- _TASK TO COMPLETE_:
In the entries below, find the line containing "UNESCO-WELTERBETAG / UNESCO" and the line containing "Zivahna moderna orkestra". Copy those two lines and everything between them exactly, and only that.

- _RECORDS SHOWN_:
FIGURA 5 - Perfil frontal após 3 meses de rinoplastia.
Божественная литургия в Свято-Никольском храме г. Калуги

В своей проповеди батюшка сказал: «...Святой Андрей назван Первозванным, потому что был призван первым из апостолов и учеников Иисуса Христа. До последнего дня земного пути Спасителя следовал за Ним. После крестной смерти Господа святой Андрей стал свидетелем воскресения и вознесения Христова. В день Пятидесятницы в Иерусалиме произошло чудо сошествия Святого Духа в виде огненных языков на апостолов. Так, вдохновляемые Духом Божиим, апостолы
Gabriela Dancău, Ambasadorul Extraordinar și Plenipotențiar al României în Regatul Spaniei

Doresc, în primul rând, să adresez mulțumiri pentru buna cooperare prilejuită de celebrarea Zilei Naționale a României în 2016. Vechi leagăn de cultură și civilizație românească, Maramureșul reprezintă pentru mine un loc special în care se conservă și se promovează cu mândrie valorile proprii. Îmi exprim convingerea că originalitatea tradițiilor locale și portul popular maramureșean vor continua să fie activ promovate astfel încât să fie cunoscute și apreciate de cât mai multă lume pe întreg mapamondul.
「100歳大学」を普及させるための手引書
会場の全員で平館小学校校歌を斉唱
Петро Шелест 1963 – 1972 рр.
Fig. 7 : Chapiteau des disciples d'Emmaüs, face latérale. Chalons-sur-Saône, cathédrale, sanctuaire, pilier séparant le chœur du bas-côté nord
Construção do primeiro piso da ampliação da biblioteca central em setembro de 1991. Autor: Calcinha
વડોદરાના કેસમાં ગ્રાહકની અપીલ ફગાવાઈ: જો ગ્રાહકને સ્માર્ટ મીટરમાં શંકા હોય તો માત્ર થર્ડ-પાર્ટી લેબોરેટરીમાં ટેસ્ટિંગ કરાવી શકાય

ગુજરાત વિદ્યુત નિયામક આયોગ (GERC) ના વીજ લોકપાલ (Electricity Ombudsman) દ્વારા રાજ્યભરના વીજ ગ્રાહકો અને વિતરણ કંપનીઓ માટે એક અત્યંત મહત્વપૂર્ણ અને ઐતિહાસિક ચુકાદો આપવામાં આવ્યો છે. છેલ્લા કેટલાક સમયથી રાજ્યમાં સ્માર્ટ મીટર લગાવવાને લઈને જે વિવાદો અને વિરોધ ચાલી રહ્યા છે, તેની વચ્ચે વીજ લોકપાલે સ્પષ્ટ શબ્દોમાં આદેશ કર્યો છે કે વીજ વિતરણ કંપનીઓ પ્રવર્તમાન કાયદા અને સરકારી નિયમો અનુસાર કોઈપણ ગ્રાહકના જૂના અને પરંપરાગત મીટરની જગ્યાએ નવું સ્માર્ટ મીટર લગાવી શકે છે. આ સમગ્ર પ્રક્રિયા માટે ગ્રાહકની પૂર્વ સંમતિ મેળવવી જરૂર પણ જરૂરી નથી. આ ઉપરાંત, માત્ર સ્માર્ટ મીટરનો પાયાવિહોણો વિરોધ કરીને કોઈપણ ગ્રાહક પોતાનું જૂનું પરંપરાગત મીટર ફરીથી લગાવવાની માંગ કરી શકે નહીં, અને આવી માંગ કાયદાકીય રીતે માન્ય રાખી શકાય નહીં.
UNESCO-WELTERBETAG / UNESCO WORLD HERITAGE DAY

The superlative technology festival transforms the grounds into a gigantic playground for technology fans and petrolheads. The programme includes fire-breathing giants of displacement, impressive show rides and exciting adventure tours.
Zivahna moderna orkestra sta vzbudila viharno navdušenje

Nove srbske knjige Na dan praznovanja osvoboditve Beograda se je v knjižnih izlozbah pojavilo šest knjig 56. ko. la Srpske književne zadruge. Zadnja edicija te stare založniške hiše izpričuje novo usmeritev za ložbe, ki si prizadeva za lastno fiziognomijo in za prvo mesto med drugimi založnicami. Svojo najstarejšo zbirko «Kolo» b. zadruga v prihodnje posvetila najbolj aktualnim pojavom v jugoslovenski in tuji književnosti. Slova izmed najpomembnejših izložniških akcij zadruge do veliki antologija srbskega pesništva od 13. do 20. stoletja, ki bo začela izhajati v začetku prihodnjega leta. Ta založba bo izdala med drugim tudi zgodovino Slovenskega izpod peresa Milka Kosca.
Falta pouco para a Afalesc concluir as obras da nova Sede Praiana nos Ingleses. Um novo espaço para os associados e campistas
==
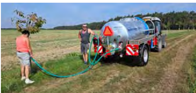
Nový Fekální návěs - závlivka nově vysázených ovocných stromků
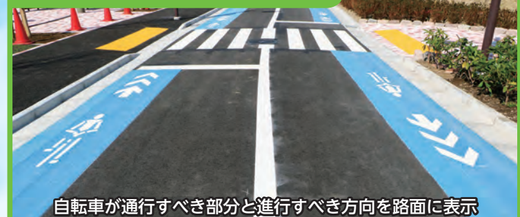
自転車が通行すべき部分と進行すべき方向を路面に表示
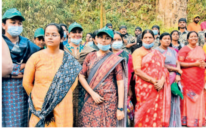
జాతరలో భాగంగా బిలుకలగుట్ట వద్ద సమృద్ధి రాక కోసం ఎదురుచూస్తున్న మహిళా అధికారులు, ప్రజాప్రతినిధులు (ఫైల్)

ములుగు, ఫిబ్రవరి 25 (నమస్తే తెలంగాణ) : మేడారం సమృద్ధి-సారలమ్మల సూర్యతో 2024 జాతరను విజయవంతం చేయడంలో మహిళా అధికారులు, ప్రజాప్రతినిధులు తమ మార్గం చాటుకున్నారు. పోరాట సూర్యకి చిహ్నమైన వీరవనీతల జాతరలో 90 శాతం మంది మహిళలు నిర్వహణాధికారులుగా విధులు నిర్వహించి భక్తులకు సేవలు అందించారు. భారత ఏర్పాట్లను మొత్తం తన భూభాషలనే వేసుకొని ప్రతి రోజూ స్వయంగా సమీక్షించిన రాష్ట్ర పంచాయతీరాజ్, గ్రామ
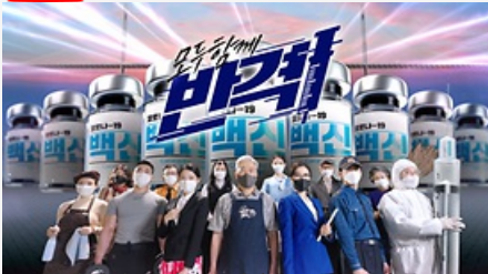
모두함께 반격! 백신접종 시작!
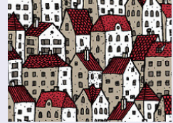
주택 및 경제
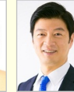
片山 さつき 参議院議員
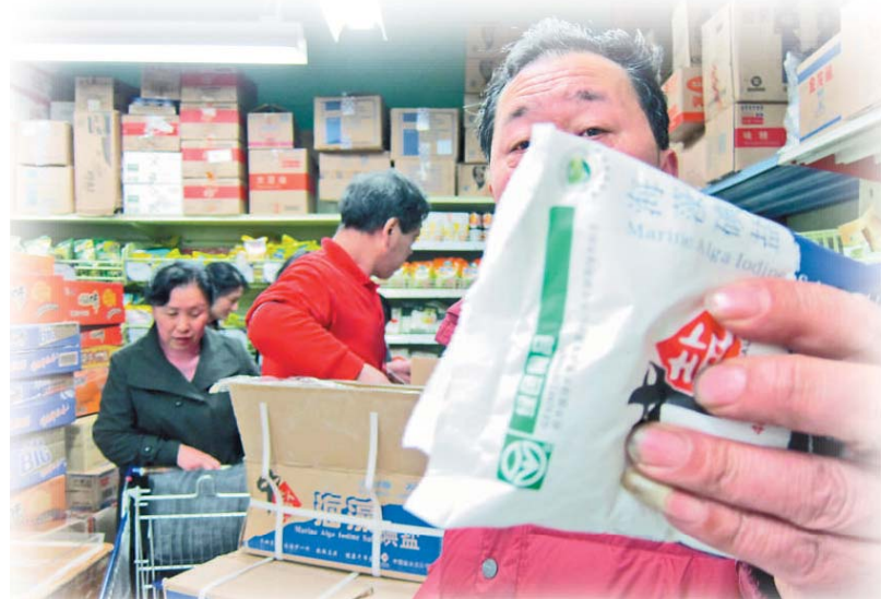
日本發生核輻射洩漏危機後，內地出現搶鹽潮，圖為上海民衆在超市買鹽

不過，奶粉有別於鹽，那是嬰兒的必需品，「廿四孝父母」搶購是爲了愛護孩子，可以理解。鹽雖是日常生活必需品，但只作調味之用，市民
---
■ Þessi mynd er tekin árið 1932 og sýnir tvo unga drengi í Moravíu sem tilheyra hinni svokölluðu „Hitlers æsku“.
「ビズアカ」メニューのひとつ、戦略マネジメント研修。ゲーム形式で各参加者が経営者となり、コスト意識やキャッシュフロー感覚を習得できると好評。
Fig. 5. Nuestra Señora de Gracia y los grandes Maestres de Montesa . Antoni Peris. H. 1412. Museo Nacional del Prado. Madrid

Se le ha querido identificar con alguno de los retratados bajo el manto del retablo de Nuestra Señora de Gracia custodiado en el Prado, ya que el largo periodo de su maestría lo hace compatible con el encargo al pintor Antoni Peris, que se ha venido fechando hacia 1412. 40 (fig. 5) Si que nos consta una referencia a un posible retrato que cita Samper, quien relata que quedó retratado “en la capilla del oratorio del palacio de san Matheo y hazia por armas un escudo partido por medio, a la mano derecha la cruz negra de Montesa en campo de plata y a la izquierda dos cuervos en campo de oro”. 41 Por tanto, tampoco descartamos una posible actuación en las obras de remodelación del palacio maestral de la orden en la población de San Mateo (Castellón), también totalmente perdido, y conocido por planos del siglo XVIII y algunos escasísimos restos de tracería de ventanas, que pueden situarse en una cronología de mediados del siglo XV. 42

- _EXPECTED ANSWER_:
UNESCO-WELTERBETAG / UNESCO WORLD HERITAGE DAY

The superlative technology festival transforms the grounds into a gigantic playground for technology fans and petrolheads. The programme includes fire-breathing giants of displacement, impressive show rides and exciting adventure tours.
Zivahna moderna orkestra sta vzbudila viharno navdušenje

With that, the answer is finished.